Shadowboxing exhibition by Slowscape Collective
London designers Slowscape Collective created this temporary cinema at the Royal College of Art in London from faceted planes of oriented strand board.
Called Shadowboxing, the space was designed to host an exhibition of video work plus performances, lectures and discussions.
Visitors lounged on the sloping surfaces or sat on stools folded from corrugated plastic.
Slowscape Collective is a team of students at the college.
The following details are from the designers:
Shadowboxing Exhibition / Slowscape Collective
A team of postgraduate students from the Royal College of Art has designed an event installation for an exhibition at the college in London.
A team of postgraduate architecture and design students from the Royal College of Art has conceived of and built an adaptable 90 sqm event space for an exhibition featuring the work of well-known artists including Mariana Castillo Deball and Sean Dockray.
The installation, entitled Slowscape, considers the speed of visitors’ movement through the gallery and how the subtlety of built form can encourage us to pause and engage with sound and the moving image.
The paneled timber structure gently rises across the rectilinear gallery at a canted angle, folding up to form angled balustrades and a projection tower at the rear.

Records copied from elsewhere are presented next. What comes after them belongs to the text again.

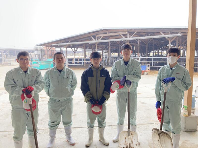 有田牧場様で研修している5名です大規模な牧場では、機械化やマニュアル化など作業効率化が進んでおり、その技術の高さに驚きの連続とのことです。
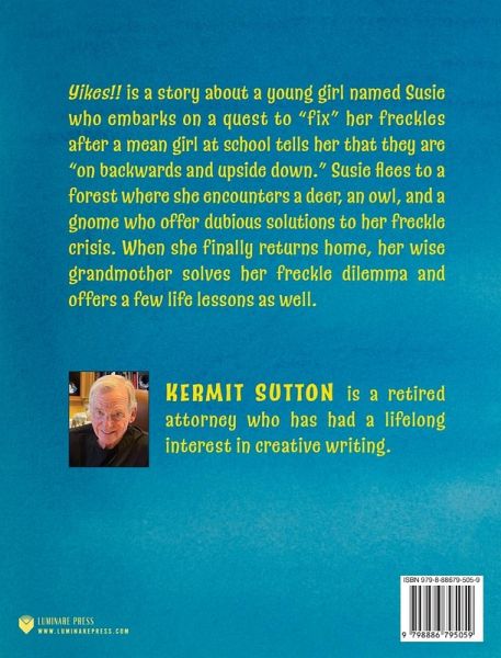 Yikes!! is a story about a young girl named Susie who embarks on a quest to "fix" her freckles after a mean girl at school tells her that they are "on backwards and upside down." Susie flees to a forest where she encounters a deer, an owl, and a gnome who offer dubious solutions to her freckle crisis. When she finally returns home, her wise grandmother solves her freckle dilemma and offers a few life lessons as well.
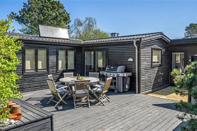 4,3Lille sommerhus ca. 200 m fra vandet. Huset er højt beliggende på skrånende grund med anlagt have. Annekset er beliggende i bunden af haven, hvor der er gynge og sandkasse. På den overdækkede terrasse kan de lange sommeraftener tilbringes og aftensmaden
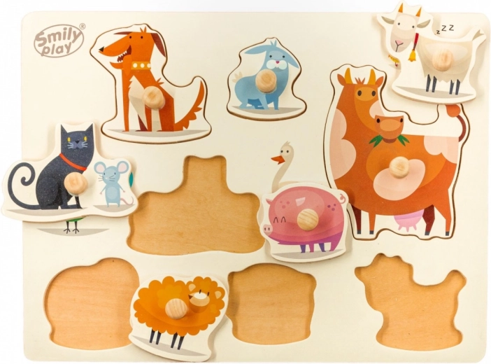 Objavte zábavné drevené puzzle pre najmenších s témou domácich zvierat. Vďaka praktickým úchytom na jednotlivých dielikoch a tvarovanej vkladacej doske sa deti ľahko naučia správne priraďovať tvary a farby. Sada obsahuje 6 pevných dielikov a podporuje jemnú motoriku, očnorukovú koordináciu aj sústredenie.

From this point a platform wraps around the existing columns and walls to form benches that engage otherwise overlooked areas in the open gallery space.

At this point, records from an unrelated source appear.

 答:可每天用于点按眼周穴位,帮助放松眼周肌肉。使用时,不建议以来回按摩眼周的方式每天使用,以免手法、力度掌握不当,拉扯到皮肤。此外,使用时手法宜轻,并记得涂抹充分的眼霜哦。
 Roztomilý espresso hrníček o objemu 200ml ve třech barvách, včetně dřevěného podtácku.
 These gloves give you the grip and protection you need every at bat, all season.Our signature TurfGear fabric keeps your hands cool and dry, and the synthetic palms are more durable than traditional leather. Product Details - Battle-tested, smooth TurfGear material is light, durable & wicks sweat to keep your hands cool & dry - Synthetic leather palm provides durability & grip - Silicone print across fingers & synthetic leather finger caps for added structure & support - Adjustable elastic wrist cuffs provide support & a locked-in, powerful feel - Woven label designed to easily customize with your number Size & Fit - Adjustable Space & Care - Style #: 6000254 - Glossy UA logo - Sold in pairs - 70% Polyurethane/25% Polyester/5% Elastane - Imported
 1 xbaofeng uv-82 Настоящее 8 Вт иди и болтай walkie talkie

While the slight incline of the ramps encourages visitors to sit or lounge on the surface, 60 lightweight recyclable stools – each folded from a single cut sheet of fluted plastic – were also designed as a comfortable alternative for more formal events and longer film screenings.
The exhibition Shadowboxing finished on April 4 after a two-week period during which Slowscape played host to screenings, performances, lectures and discussions.